Segment Start: DATA PROVIDED
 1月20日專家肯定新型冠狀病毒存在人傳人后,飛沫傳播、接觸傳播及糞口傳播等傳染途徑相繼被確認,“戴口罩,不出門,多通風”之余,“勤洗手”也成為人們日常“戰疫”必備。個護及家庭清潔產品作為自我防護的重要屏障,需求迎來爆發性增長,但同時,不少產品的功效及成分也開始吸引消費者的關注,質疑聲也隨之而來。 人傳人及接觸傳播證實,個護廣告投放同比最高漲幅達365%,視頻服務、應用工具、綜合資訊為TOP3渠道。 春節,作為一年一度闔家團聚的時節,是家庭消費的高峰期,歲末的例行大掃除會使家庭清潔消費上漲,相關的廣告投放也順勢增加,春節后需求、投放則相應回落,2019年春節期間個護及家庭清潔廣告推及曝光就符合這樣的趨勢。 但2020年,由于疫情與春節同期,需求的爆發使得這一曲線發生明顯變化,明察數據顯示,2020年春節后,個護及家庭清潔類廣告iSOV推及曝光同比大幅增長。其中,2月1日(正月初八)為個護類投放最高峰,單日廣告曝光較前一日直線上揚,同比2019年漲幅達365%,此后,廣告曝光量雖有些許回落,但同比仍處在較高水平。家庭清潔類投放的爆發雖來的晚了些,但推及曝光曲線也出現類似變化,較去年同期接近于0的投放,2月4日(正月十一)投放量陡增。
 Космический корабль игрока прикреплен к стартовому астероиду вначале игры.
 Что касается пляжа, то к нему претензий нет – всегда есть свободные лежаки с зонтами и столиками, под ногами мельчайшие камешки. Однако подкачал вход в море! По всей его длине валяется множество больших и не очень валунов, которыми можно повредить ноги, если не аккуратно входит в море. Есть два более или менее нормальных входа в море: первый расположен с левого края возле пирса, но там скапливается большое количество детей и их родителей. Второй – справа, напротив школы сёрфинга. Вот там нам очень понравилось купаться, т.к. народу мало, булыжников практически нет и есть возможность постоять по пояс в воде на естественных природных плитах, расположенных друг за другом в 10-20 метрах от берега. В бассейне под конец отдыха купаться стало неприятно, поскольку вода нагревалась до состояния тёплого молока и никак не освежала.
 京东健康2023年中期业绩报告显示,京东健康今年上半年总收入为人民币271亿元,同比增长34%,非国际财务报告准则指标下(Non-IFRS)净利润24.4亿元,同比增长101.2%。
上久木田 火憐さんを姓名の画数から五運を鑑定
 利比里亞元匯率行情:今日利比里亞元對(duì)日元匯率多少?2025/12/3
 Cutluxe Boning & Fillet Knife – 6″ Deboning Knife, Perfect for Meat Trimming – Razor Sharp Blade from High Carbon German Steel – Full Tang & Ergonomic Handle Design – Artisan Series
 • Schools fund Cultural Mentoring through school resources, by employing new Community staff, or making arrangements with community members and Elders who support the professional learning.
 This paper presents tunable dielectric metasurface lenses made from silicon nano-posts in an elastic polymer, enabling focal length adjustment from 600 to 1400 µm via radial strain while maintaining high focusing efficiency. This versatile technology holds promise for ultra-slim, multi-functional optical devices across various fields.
Segment End: DATA PROVIDED
Segment Start: DATA PROVIDED
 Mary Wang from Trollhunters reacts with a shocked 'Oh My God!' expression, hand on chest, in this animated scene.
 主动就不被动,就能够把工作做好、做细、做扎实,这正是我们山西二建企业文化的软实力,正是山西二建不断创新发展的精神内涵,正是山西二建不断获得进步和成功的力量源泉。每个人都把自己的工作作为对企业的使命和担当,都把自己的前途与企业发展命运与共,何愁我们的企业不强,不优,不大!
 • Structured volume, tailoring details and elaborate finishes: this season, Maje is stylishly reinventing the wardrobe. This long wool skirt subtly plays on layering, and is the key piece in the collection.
Segment End: DATA PROVIDED
Segment Start: DATA PROVIDED
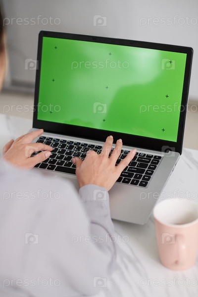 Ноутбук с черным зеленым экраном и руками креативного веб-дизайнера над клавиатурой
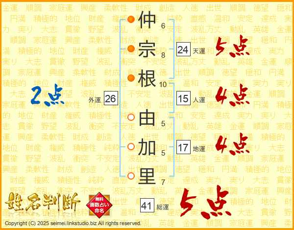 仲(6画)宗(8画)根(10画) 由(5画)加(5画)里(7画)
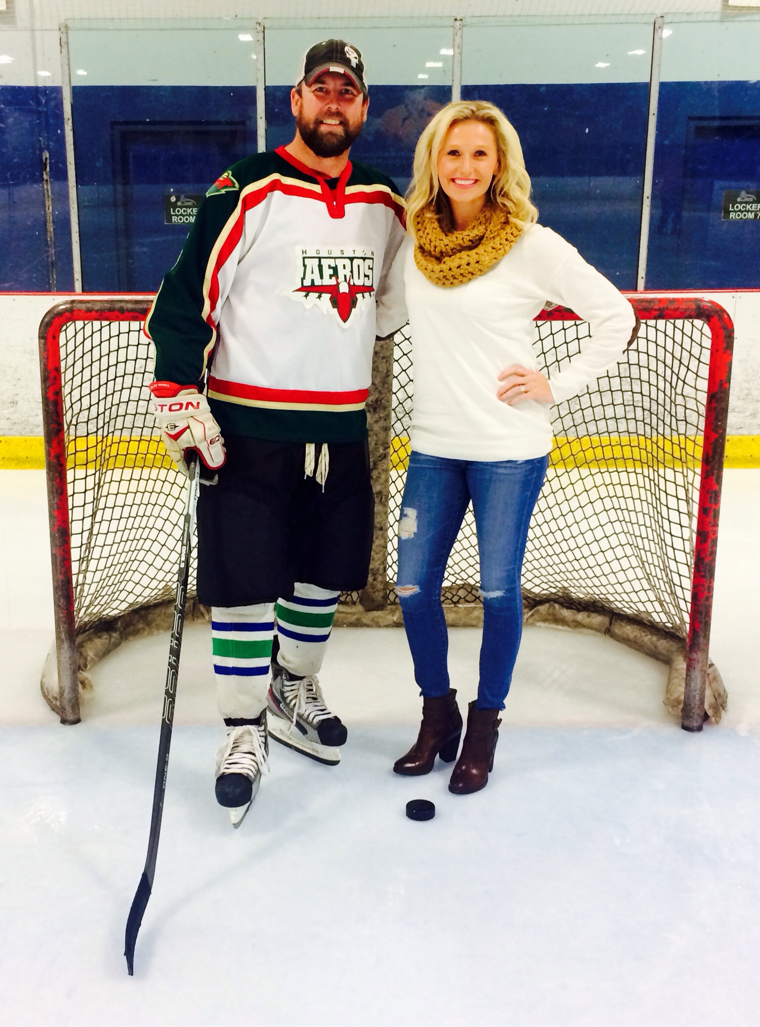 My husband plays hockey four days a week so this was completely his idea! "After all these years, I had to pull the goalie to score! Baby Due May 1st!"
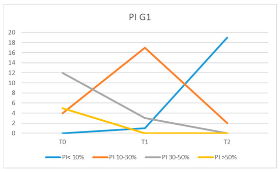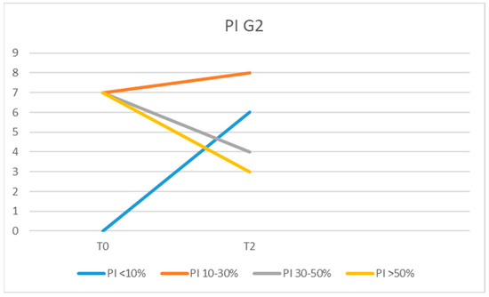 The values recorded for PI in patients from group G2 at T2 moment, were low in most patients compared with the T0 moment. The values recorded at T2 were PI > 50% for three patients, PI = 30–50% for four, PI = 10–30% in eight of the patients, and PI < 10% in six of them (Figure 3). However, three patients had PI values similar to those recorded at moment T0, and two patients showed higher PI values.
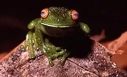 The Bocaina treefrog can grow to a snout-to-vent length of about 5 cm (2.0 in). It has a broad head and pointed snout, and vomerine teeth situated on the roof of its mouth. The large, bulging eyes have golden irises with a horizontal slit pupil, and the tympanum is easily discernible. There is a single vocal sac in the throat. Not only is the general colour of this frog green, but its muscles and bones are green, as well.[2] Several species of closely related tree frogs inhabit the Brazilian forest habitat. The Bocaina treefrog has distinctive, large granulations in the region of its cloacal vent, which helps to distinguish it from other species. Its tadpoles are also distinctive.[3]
Segment End: DATA PROVIDED
**EXERCISE REQUIREMENTS**
Taking the line with "Что касается пляжа, то" as the first and the line with "This paper presents" as the last, retype that stretch of the data above exactly, with no other lines.

**RESULT BELOW**
 Что касается пляжа, то к нему претензий нет – всегда есть свободные лежаки с зонтами и столиками, под ногами мельчайшие камешки. Однако подкачал вход в море! По всей его длине валяется множество больших и не очень валунов, которыми можно повредить ноги, если не аккуратно входит в море. Есть два более или менее нормальных входа в море: первый расположен с левого края возле пирса, но там скапливается большое количество детей и их родителей. Второй – справа, напротив школы сёрфинга. Вот там нам очень понравилось купаться, т.к. народу мало, булыжников практически нет и есть возможность постоять по пояс в воде на естественных природных плитах, расположенных друг за другом в 10-20 метрах от берега. В бассейне под конец отдыха купаться стало неприятно, поскольку вода нагревалась до состояния тёплого молока и никак не освежала.
 京东健康2023年中期业绩报告显示,京东健康今年上半年总收入为人民币271亿元,同比增长34%,非国际财务报告准则指标下(Non-IFRS)净利润24.4亿元,同比增长101.2%。
上久木田 火憐さんを姓名の画数から五運を鑑定
 利比里亞元匯率行情:今日利比里亞元對(duì)日元匯率多少?2025/12/3
 Cutluxe Boning & Fillet Knife – 6″ Deboning Knife, Perfect for Meat Trimming – Razor Sharp Blade from High Carbon German Steel – Full Tang & Ergonomic Handle Design – Artisan Series
 • Schools fund Cultural Mentoring through school resources, by employing new Community staff, or making arrangements with community members and Elders who support the professional learning.
 This paper presents tunable dielectric metasurface lenses made from silicon nano-posts in an elastic polymer, enabling focal length adjustment from 600 to 1400 µm via radial strain while maintaining high focusing efficiency. This versatile technology holds promise for ultra-slim, multi-functional optical devices across various fields.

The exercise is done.